The type and need for inbound links will be different for every business. But reliable, credible inbound links are always a good thing. Here are the types of inbound links you can cultivate:
- Local Directories. Whether you belong to the local Chamber of Commerce and have a link on their website or are listed in the yellow pages, directories are a helpful source of inbound links.
- Industry sites. An example of this would be a mechanic who is linked to from Car Talk’s recommendation page.
- Newsworthy mentions. These links are the hardest to receive, but could potentially be valuable. If a local blog or online news source writes about your business, these types of ‘follow’ links are valuable because they come from valuable sources.
At the end of the day, inbound links are good, but make sure the links are from credible sources. Once someone links to you, make sure you have valuable content to deliver to the audience once they arrive on your webpage.
Local SEO Tip 6: Don’t neglect the regular SEO Basics.
In order to optimize your local SEO, you still need to follow regular SEO best practices.
The biggest rule of thumb is to provide relevant content, whether that is an overview of the plumbing services your business addresses or a blog on how-to’s or the local trends in your industry. The more relevant, helpful information you provide, the more people who need this information will click through to your page. That, in turn, signals to search engines that your page is relevant.
In addition to creating relevant content, here are some quick basic tips:
- Don’t develop pages with thin or duplicate content. If you have six pizza shop locations but offer the same thing at each one, don’t repeat the same information on each location page.
- Pay attention to the mobile experience.
- Keep your page loading time down.
Local SEO Tip 7: Creatively capitalize on being local.
Being local is a benefit. So use it! Think of creative ways you can capitalize on the fact that you are a business about town and not a faceless corporation 1,000 miles away.
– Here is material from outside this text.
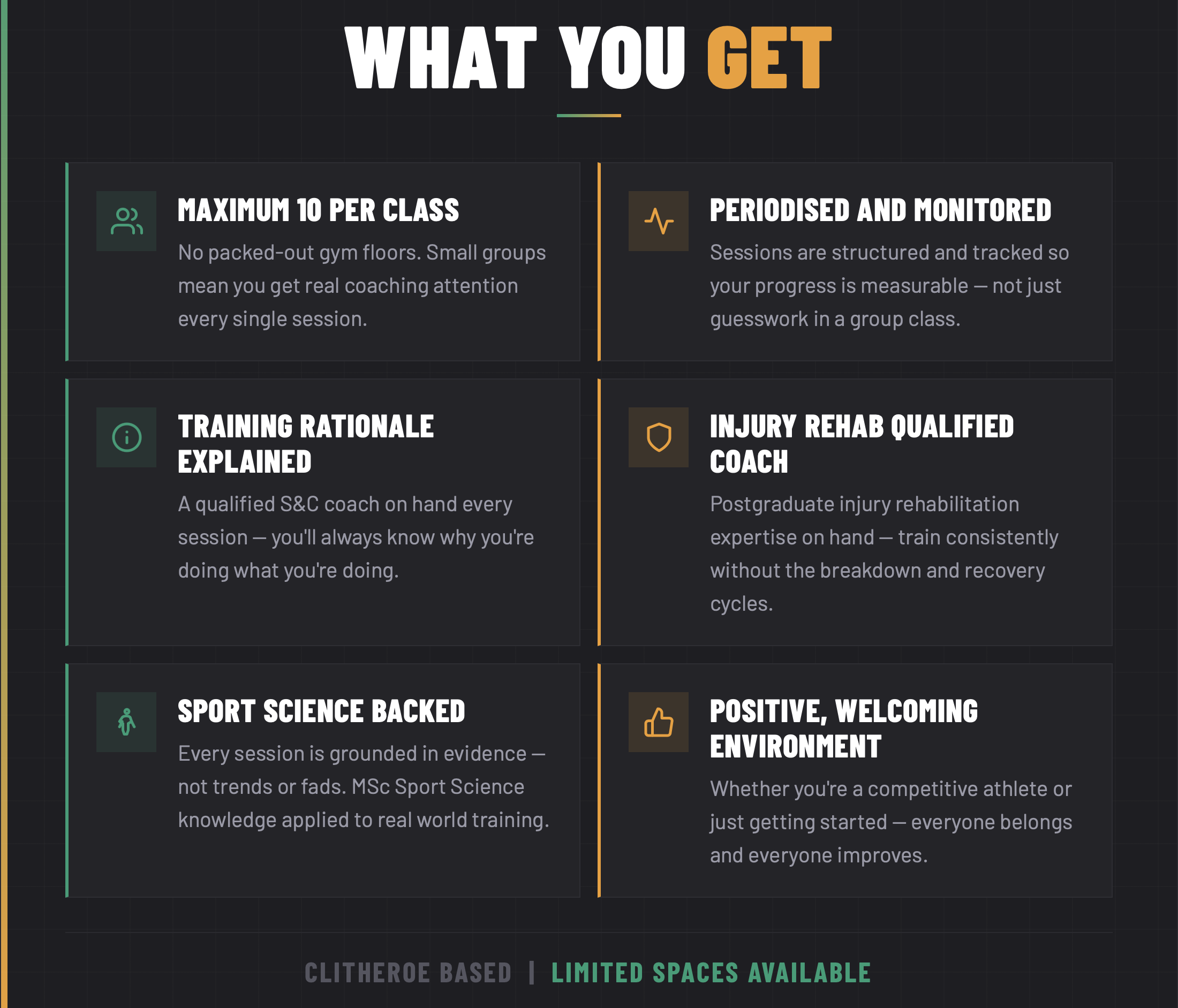 Fill in this 60 second form so I can get more of an idea of your aspirations. And also what sport you are involved in (not essential) and any potential problems that you need addressing from these classes.

Some ideas are:
- Use videos and images of local events (tagged using consistent location information!) to help emphasize your location to search engines and be favorite pieces of content for loyal customers.
- Use your community relationships to get reviews or links.
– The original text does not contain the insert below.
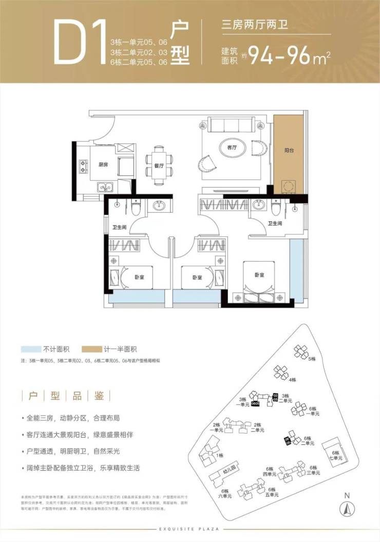 94㎡ 三房两厅二卫 总价280-310万

- Customize your content to the local crowd. If you're a local brew pub in Tennessee, don’t just write about the best glasses to complement your signature drink. Write about the local shops where you can buy those glasses! (And don’t forget to mention at the end of the article that you have growlers available at your establishment!)
- Gain a local following (and reviews) on your social channels. Use your social channels to amplify local events, announcements, sponsorships, sales, specials, etc.
At the end of the day, you probably value being in your local community. By using the tips above, you can also use your location to increase online visibility, generate interest, visits, purchases and relationships that benefit your business. Go local!